Share tips of the week – 11 March
MoneyWeek’s comprehensive guide to the best of this week’s share tips from the rest of the UK's financial pages.
Three to buy
Cheniere Energy buys natural gas in the US – where prices are lower – and exports it as liquefied natural gas (LNG). As the invasion of Ukraine pressures European powers to “wean themselves off Russian gas”, which accounted for 41.9% of gas imports into the bloc in 2019, Cheniere offers a strong alternative source. The firm has raised its 2022 earnings forecast by 20% to $7.5bn (£5.7bn) and is looking to expand its fuel terminal capacity. Shares in the company aren’t cheap, on 13.6 times earnings and a dividend yield of a little over 1%. But Cheniere occupies a leading position in its market and has strong growth prospects, so it’s a buy. $135.98
Pizza-delivery firm Domino’s is one of Britain’s most-shorted stocks at the moment, but its shares are set for a comeback. Investors fear that the cost-of-living squeeze will hurt profitability. However, while costs are likely to rise as high inflation persists, its “vertically integrated” business model should be a competitive advantage. A price/earnings (p/e) ratio of 18 isn’t cheap but Domino’s has a strong brand with loyal customers. It plans to open 45 new stores each year for three years and invest £20m into digital operations to improve its delivery service. 394.70p
The Sunday Times
Video gaming was once reserved for teenagers, but lockdown accelerated its popularity and revenues in the sector are expected to exceed £61bn this year. Keyword doesn’t publish its own games – it tests and polishes the products of other studios, and is the world’s largest gaming translator for character dialogue. It has bought almost 60 firms since listing in 2013 and now has 70 studios in 23 countries. Growth forecasts are strong and net cash should eclipse £132m this year. 2,088.55p
Two to sell
Coca-Cola HBC is a bottling partner of the soft drinks giant Coca-Cola. It has seen its share price slump in recent weeks due to a worsening outlook for earnings. Coca-Cola HBC is highly exposed to Russia and Ukraine, which together accounted for 36.2% of the group’s emerging markets sales volumes in 2021. Recent results were strong and the dividend payout target was raised to 40%-50%. However, the conflict in Ukraine has significantly weakened consumer confidence across Eastern Europe, there are scant sales predicted in Ukraine itself, and the collapsing Russian rouble is looking to damage overall earnings. Large institutional investors are likely to begin selling their positions in the firm, which will put further pressure on the shares. 1,600p
This advertising giant has made a strong recovery from the pandemic. Organic revenue rose 12.1% last year and is now ahead of where it was in 2019. WPP posted a pre-tax profit of £951m, up from a pre-tax loss of £2.8bn in 2020 – although the latter was the result of a £2.82bn impairment it took to reflect concerns about the impact of the pandemic. That turned out to be unduly pessimistic: digital revenue soared as people stayed at home. But the outlook is darkening as global uncertainty returns. Energy costs are certain to rise and last year’s rapid growth in advertising spending will not be repeated. “If WPP thought it needed to take an impairment in 2020, it must be considering another in 2022.” Get out before it does. 998p
...and the rest
Embracer Games is a “highly acquisitive Swedish gaming business” with 216 games in development. Net sales were up 135% year on year in the third quarter to December and operating profits grew by 70%. A p/e of 10.5 times forecast earnings for 2023 is not demanding. Buy (SEK74.29).

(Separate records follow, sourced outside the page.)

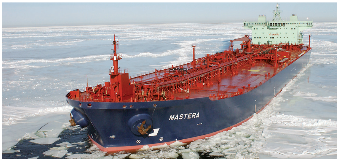
MT Mastera, één van de twee Finse olietankers die tevens als ijsbreker is gebouwd

Bij een milieuramp in het Noordpoolgebied kan iedereen zich wel wat voorstellen, maar hoe kun je dat voorkomen? Dat kan door in de Arctic Council en de UNCLOS goede afspraken te maken, regelingen op te stellen en deze vervolgens te controleren en, indien nodig, af te dwingen. Vooral voor dit laatste zijn mogelijk kustwacht, politie of militaire middelen nodig. Dit betekent overigens niet meteen het militariseren van de Noordpool; dat zou Rusland en
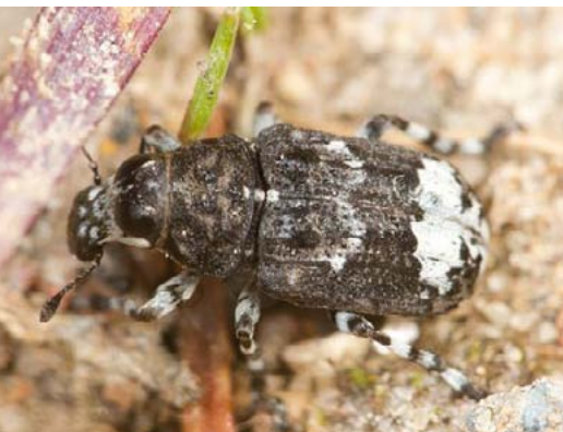
Platsmeceris Tropideres albirostris , 27.05., Skrīveru novads, Dendrārijs Latvijā reta suga - pirmo reizi konstatēta 2005. gadā un kopš tā laika atrasts ne vairāk kā 5 vietās.
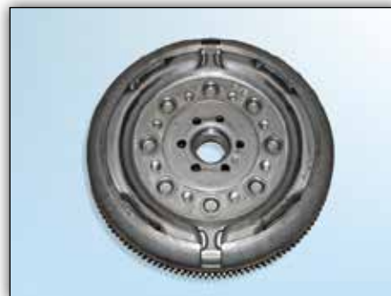
7. ábra: Motor oldal körbefutó bemélyedés nélkül a Sachs ZMS-nél
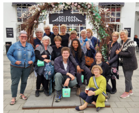
Unglingaskipti – hópurinn ásamt Emblufélögum
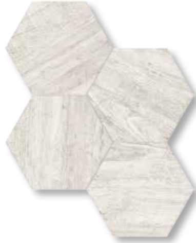
229105 Moss White 15X17 / 5.9"X6.7"
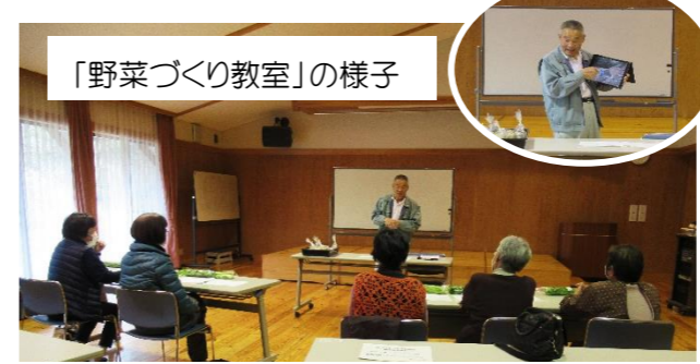
「野菜づくり教室」の様子

畑仕事には日和の良い天気でしたが、この日はかりはみなさんちょっと身体を休めて「春夏野菜づくり教室」に参加されました。これからの畑づくりで準備しておくことや、種物を蒔く時に注意することをタブレットを使われながらわかりやすく説明されました。次回の教室は「秋冬野菜作り教室」です。7月を予定しています。
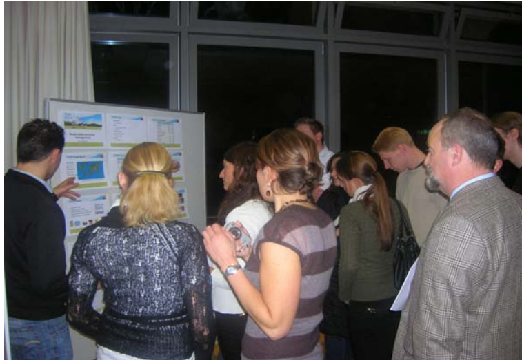
Markt der Möglichkeiten

Am nächsten Morgen konnten sich die Gäste einen Eindruck von den Besonderheiten der Bergischen Werkzeugindustrie verschaffen: Das Unternehmen KNIPEX-Werk C. Gustav Putsch KG Zangenfabrik-Gesenkschmiede gewährte Einblicke in die Produktion und Unternehmensgeschichte. Besonders gelobt wurde die fachkundige Führung, welche Auszubildende des Unternehmens selbständig planen und durchführten.
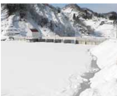
今年2月に満水となった栃ヶ原ダム
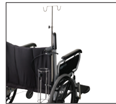
Iltflaskeholder med dropstativ
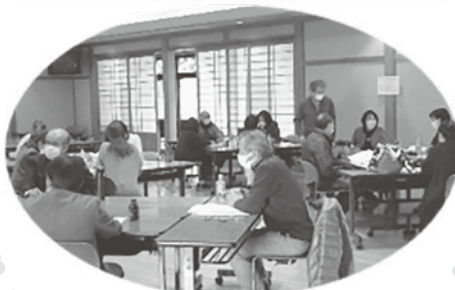
市民が自発的に学び
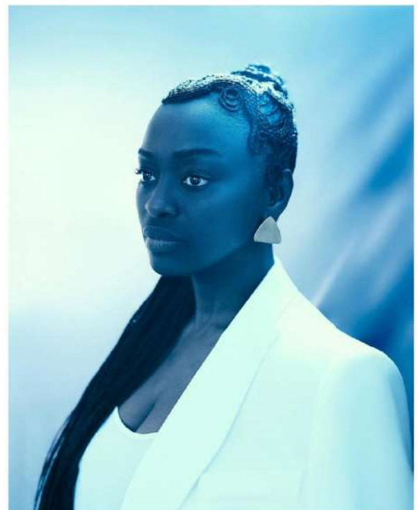
Festival de Cannes
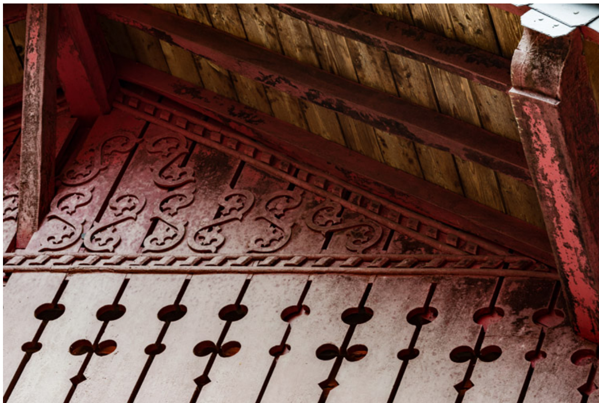
Placage de planches en bois ajourées et sculptées du pignon, détail de la partie droite.

58, Saint-Honoré-les-Bains, 12 avenue Jean Mermoz
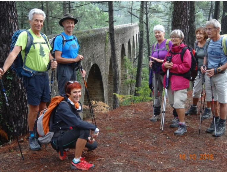
Nous traversons le viaduc et poursuivons sur les calades en grès à travers la forêt de pins et de châtaigniers couverte de fougère. Le chemin est doux sous nos pieds contrairement à nos chemins caillouteux !
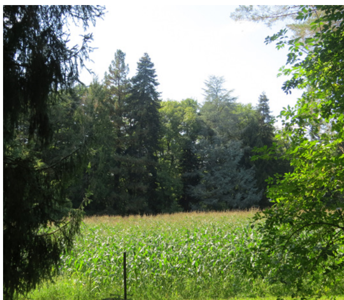
Fig. 10 - Percée visuelle sur les arbres ceinturant une parcelle cultivée en maïs
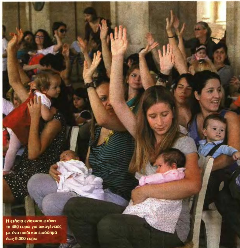
Η ετήσια ενίσχυση φτάνει τα 480 ευρώ για οικογένειες με ένα παιδί και εισόδημα έως 9.000 ευρώ
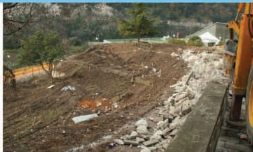
demolizione delle vecchie strutture esistenti
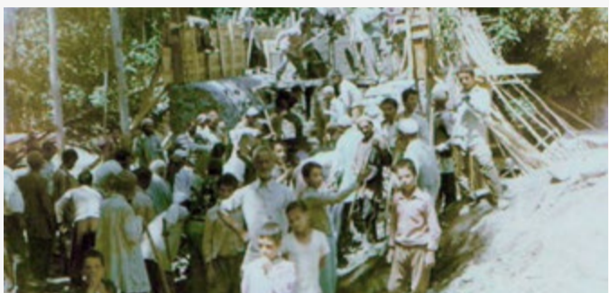
تصویری از احداث پل ارتباطی بین دو طرف روستا

بررسی فعالیت های اولین دوره شورای اسلامی رومدعجن
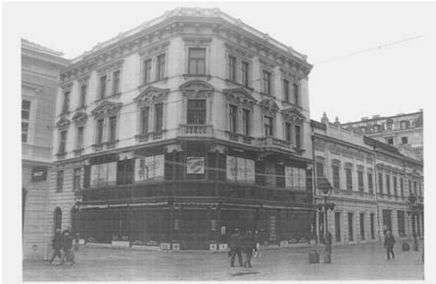
Слика 1 – Поглед на куће под бројем 41, 43 и 45 из Кнез Михаилове улице

Bank of Ireland has posted its biggest profit since 2008, helped by cost cutting and a healthy housing market. Buy(€5.42).
The Mail on Sunday
Engineering contractor Babcock makes nuclear submarines and decommissions nuclear power stations. It should benefit from renewed interest in nuclear energy and higher defence spending. Buy (317p). Defence firm Chemring has struggled amid an investigation into money-laundering allegations and a probe into a lethal chemical explosion. However, renewed enthusiasm for defence stocks is causing investors to take a fresh look. Buy on any weakness (309.5p).
Food and drink wholesale firm Kitwave has strong growth prospects in a fragmented grocery and food-service market. Buy (153p). Safety and testing company Marlowe is going from strength to strength. A recent £135m acquisition positions it as a major player in occupational health. Analysts expect 19% annual earnings growth. Buy (830p). Warren Buffett’s Berkshire Hathaway is performing well. It has attractive defensive qualities and is well-diversified. Buy ($319).
Stockbroker Hargreaves Lansdown saw profits fall 20% last year due to rising costs, but the amount of money held with it grew 17%. A new investment programme should boost asset growth, cut costs and grow margins. Buy (1,049.5p).